**Supplied entries:**

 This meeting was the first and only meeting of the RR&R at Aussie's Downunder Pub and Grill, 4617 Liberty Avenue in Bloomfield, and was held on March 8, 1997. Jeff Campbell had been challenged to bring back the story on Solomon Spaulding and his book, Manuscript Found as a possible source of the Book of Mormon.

---

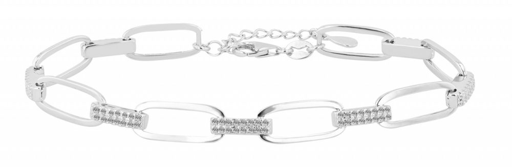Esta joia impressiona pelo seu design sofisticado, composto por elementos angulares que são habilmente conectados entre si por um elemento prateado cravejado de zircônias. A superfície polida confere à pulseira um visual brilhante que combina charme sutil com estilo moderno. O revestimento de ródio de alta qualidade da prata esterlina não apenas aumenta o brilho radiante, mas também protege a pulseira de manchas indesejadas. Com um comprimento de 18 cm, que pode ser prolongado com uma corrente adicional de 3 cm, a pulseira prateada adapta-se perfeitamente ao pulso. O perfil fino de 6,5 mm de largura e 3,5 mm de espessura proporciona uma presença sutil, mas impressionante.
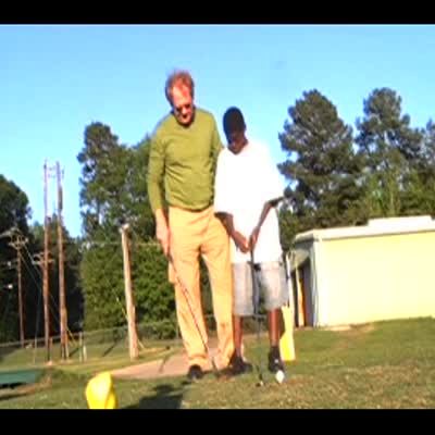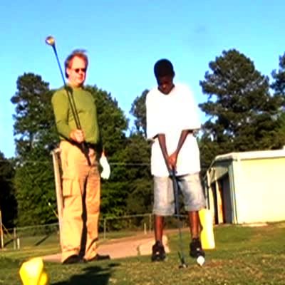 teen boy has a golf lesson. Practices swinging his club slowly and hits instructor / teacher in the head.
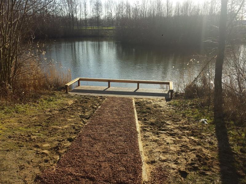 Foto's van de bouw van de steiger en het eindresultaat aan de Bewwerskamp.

**Exercise objective:**
Take the entries above and copy exactly the lines starting at the one with "teen boy has" and ending at the one with "Foto's van de"; nothing outside that span, and no pictures.

**Task solution:**
 teen boy has a golf lesson. Practices swinging his club slowly and hits instructor / teacher in the head.
 Foto's van de bouw van de steiger en het eindresultaat aan de Bewwerskamp.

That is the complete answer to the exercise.